Tiempos revueltos contains a detailed description of the crimes perpetrated by the United States against the people of Puerto Rico during the 20th Century as well as the history of the Nationalist Party and the challenges the organization confronted. The sources of information used to write the novel include interviews with members of the Nationalist army, Torresola family members and their relatives and friends, residents of Jayuya in 1950, the so-called FBI Secret Files on Puerto Rico, released in their entirety to the public by a congressional order and related to the surveillance and compilation of data on nationalists and independence advocates and, more than 600 other sources of information located in the University of Puerto Rico's Puerto Rican Collection, newspaper and periodical libraries and film archives in Puerto Rico, Cuba and the United States.
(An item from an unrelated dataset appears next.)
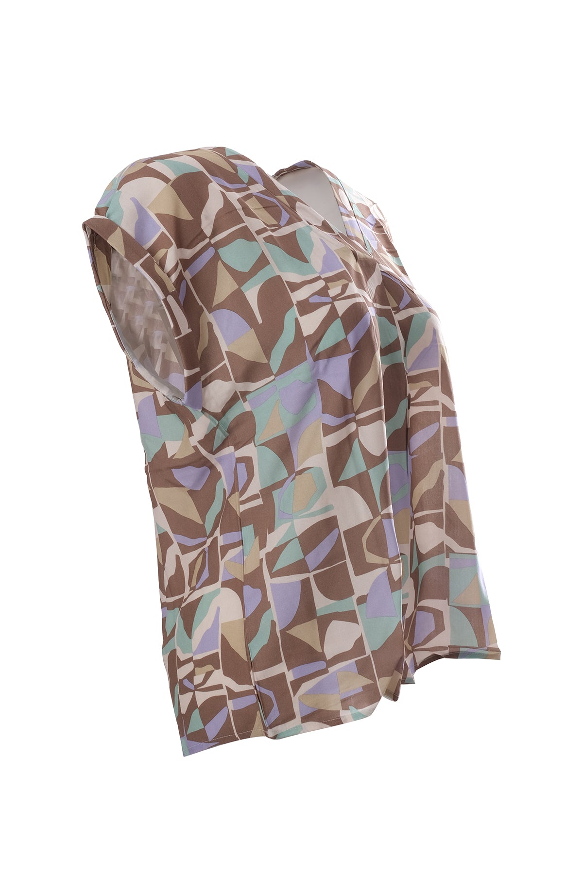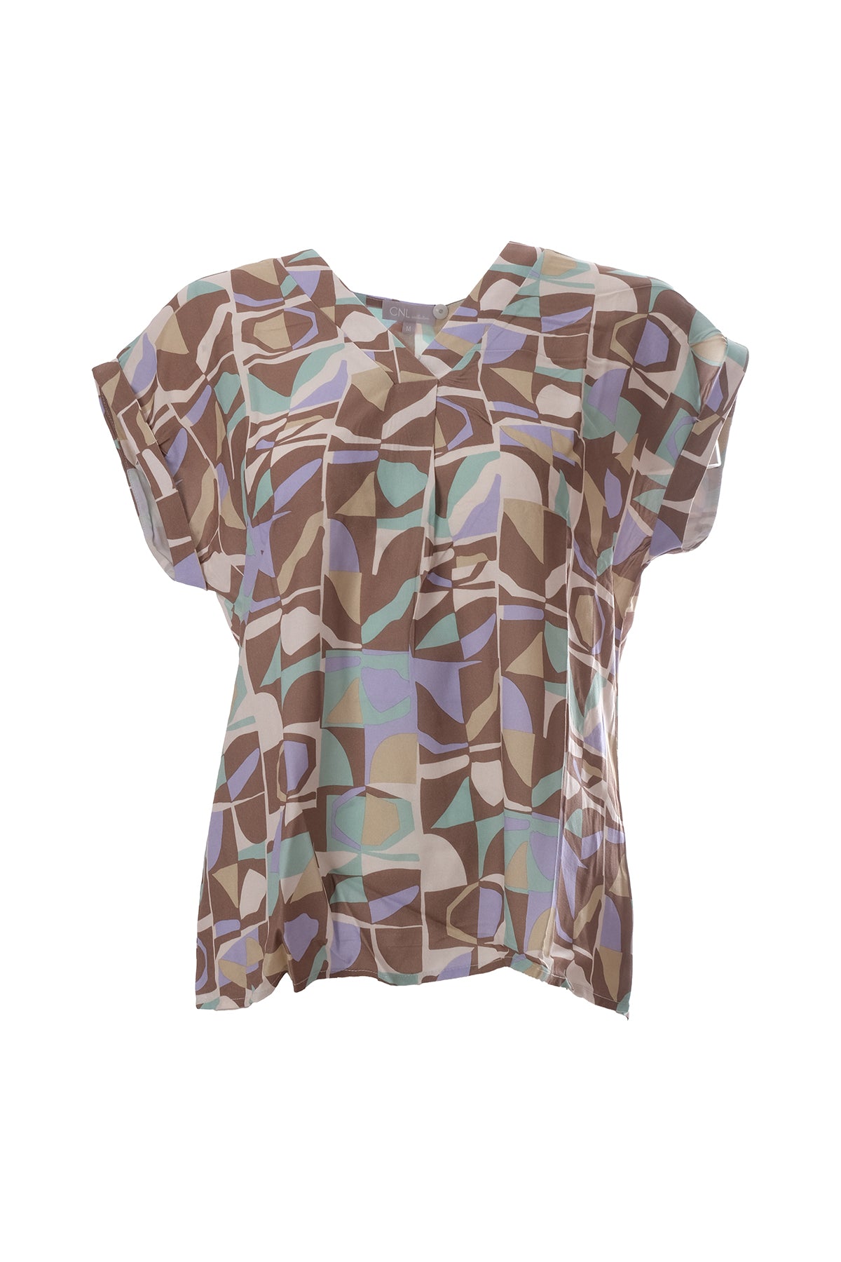 بلوزة نسائية واسعة ذات ياقة على شكل حرف V وأكمام قصيرة من كانيل - بنقشة هندسية
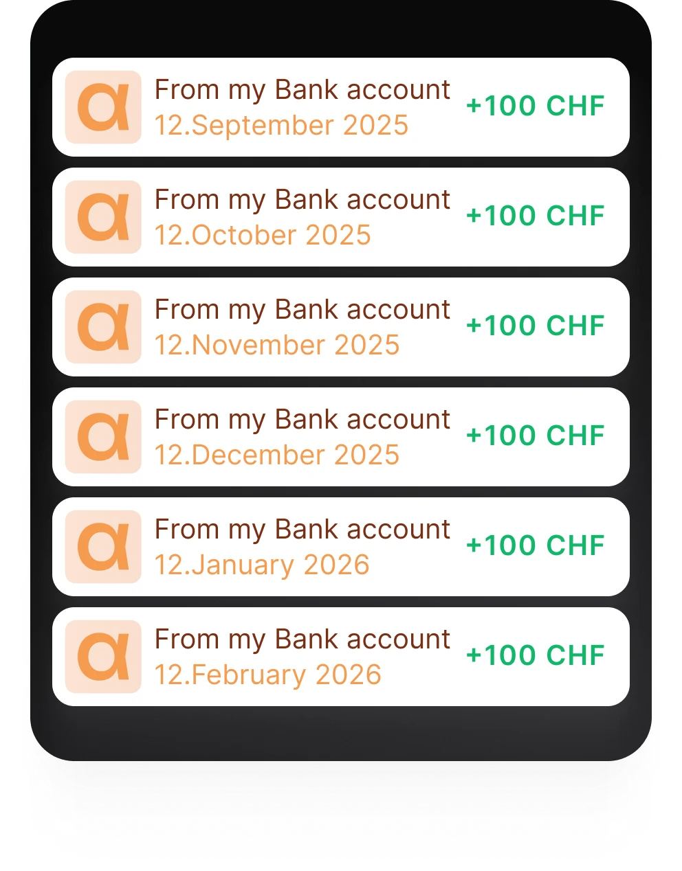 You can start with min CHF 100. After that, you can top up flexibly from min CHF 50.

Several universities and high schools in Puerto Rico have included Tiempos revueltos in their compulsory reading lists and in 2015, during a tribute rendered to him in Havana for being part of the 1950 revolutionary feat and for his unyielding patriotism throughout the years, Jayuya revolutionary Heriberto Marín handed a copy of Tiempos revueltos to Ricardo Alarcón, the president of Cuba's National Assembly (1993-2013) considered for many years the third most powerful political figure in Cuba.

- ¿Lobos o Ungidos?
¿Lobos o ungidos? (Wolves or anointed?) was published in 2013; this narrative details the investigation and the efforts undertaken to unravel the events that took place at La Santa Montaña de Puerto Rico between 1899 and 2013, including those that took place after the reappearance of the blood allegedly shed at the mountain by Nuestra Madre, the name given by the peasants to the figure they claim was present on the peak between 1899 and 1909.

Nuestra madre
Nuestra madre (Our mother) is a second narrative which completes the trilogy (along with La buenaventura and ¿Lobos o ungidos?) and delves into the mystery of La Santa Montaña de Puerto Rico. Published in 2014, it contains a synopsis of La buenaventura, the latest events regarding the alleged Marian apparition at the mountain, an interview with the bishop emeritus of the Diocese of Caguas, Monsignor Enrique Hernández and testimonies of people who claim they have been healed at the mountain through the intercession of the Virgin Mary or have supposedly witnessed miraculous events there.

  - Sabras que te quiero
Sabrás que te quiero (Know that I love you) was published in 2017, this is Negretti's second historical novel. The book narrates the indomitable patriotic spirit, the immense love for her family and for the city in which she was born, as well as the social, political and personal events that affected the life of Old San Juan native Emilia Santisteban (née Maldonado) since her 1863 birth until her death in 1952, especially those that took place once she promised to never again step on American soil after having witnessed the October 18, 1898 ceremony at Plaza de Armas (Arms Square) in which invading U.S. troops took over the capital.

The political and social history of the island and the customs, as well as the idiosyncrasy of the Puerto Rican people during the 19th Century and the first half of the 20th century are recreated in detail in this novel, for which the author consulted over 400 sources of information.

  - Cascabel de la Luna
Cascabel de la Luna (2019)
El bohique de Bieke dio por sentado que había logrado cerrar el portal aledaño a la tumba del gran ancestro araguacú, evitando así la desapareción de mujeres durante las noches de luna llena.

La visión menguante del chamán impidió que se percatara de que uno de los símbolos grabados en la piedra colocada en el lugar a manera de conjuro era el equivocado, por lo que varias jóvenes distintas épocas empredieron viajes hacia el futuro a enfrentar situaciones insospechadas, incluyendo la instauración de la República de Vieques.